I searched for its meaning, I just found that it means the transformation of raw data into a more useful form. So what is the benefit of having data in useful form, I mean how can I use it in a practical life (application)?

+2  A: 

http://en.wikipedia.org/wiki/Dimension_reduction

maybe you have heard of PCA (principle component analysis), which is a Dimension reduction algorithm.

Others include LDA, matrix factorization based methods, etc.

Here's a simple example. You have a lot of text files and each file consists some words. There files can be classified into two categories. You want to visualize a file as a point in a 2D/3D space so that you can see the distribution clearly. So you need to do dimension reduction to transfer a file containing a lot of words into only 2 or 3 dimensions.

Yin Zhu
Add SVD as well.
Amit
A very nice introduction to PCA with the "just right" background of Eigen Values/Vectors: http://www.cs.otago.ac.nz/cosc453/student_tutorials/principal_components.pdf
Amit
+8  A: 

Dimensionality Reduction is about converting data of very high dimensionality into data of much lower dimensionality such that each of the lower dimensions convey much more information.

This is typically done while solving machine learning problems to get better features for a classification or regression task.

Heres a contrived example - Suppose you have a list of 100 movies and 1000 people and for each person, you know whether they like or dislike each of the 100 movies. So for each instance (which in this case means each person) you have a binary vector of length 100 [position i is 0 if that person dislikes the i'th movie, 1 otherwise ].
You can perform your machine learning task on these vectors directly.. but instead you could decide upon 5 genres of movies and using the data you already have, figure out whether the person likes or dislikes the entire genre and, in this way reduce your data from a vector of size 100 into a vector of size 5 [position i is 1 if the person likes genre i]

The vector of length 5 can be thought of as a good representative of the vector of length 100 because most people might be liking movies only in their preferred genres.

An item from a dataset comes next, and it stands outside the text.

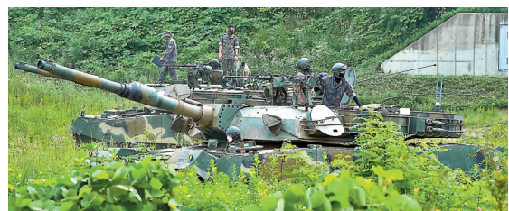
韓美啟動聯合軍演。圖為韓軍7月的演練。

However its not going to be an exact representative because there might be cases where a person hates all movies of a genre except one.

The point is, that the reduced vector conveys most of the information in the larger one while consuming a lot less space and being faster to compute with.

adi92
+4  A: 

You're question is a little vague, but there's an interesting statistical technique that may be what you're thinking off called Principal Component Analysis which does something similar (and incidentally plotting the results from which was my first real world programming task)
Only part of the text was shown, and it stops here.